Es gibt bestimmte Themen, bei denen das für die Kommentarbetreuung verantwortliche Community-Team besonders wachsam ist. Massentierhaltung und Ernährung gehören dazu. So lautete im Jahr 2013 das offizielle Fazit von David Schmidt, einem der zuständigen Redakteure, zu einer veganen "Zeit-Online"-Themenwoche: "Bei den Vorbereitungen zu unserer Themenwoche 'Veganes Leben' stellten wir uns auf emotionale Debatten und empörte Reaktionen im Kommentarbereich und in den sozialen Medien ein.
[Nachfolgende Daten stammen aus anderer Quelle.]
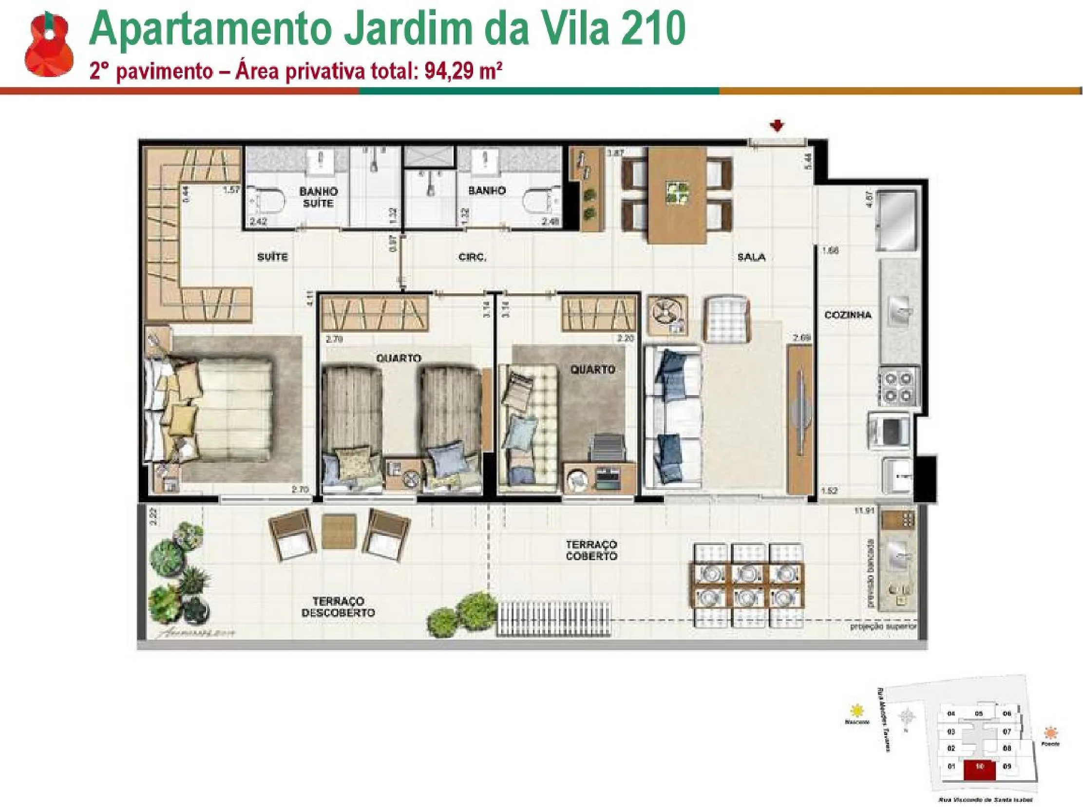 | Apartamento Garden | R$ 569.000,00 | 94 m² | 3 | 1 |

Unsere Erwartungen wurden nicht enttäuscht."

Ähnliche Erfahrungen gibt es aber auch aus ganz anderen Bereichen, wie zum Beispiel Erziehung oder Politik: "Alles, bei dem das persönliche moralische Wertgefüge angetastet wird", sagt Annika von Taube, leitende Community-Redakteurin bei "Zeit Online". Wird so ein Artikel freigeschaltet, wird das Community-Team rechtzeitig informiert: "Wir bekommen dann einen Wink vom Chef vom Dienst und achten darauf, dass wir das Thema vom ersten Kommentar an begleiten", erklärt von Taube.
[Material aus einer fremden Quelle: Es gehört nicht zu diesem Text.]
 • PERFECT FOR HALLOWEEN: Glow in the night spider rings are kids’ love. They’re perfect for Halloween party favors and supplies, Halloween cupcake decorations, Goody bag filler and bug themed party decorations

Der erste Kommentar ist erfahrungsgemäß tonsetzend: "Wenn sofort losgeschimpft wird, besteht die Gefahr, dass die Debatte so weiter geht." Um das zu verhindern, warnt der verantwortliche Community-Redakteur entweder mit einer Anmerkung, wie "weitere Aussagen dieser Art werden wir entfernen" oder entfernt den Kommentar, wenn dieser gegen die Netiquette verstößt. "Solche Verstöße gibt es aber irre selten", sagt von Taube. "Wenn es in einer Debatte zu circa 10 Prozent Kommentarverstößen kommt, ist die Debatte schiefgelaufen."

Es gibt aber auch viele gelungene Beispiele, sagt die Community-Redakteurin: "Perfekt ist, wenn Pingpong gespielt wird, also der eine auf den anderen eingeht. Wenn die Fronten aufweichen und die Leser ihr Meinungsbild ändern. Dann hat man das Gefühl, alle haben etwas mitgenommen und ein Argument mehr in der Tasche."

Deswegen würde von Taube gerne noch mehr Leute dazu bringen, sich am Kommentieren zu beteiligen: "Es ist schade, wenn die Leute wie Zaungäste am Rand stehen und sagen, sie wollen sich nicht beteiligen, weil sie den Tonfall schlimm finden. Gerade wenn der Ton rau wird, hat man die Verpflichtung, dem etwas entgegenzusetzen."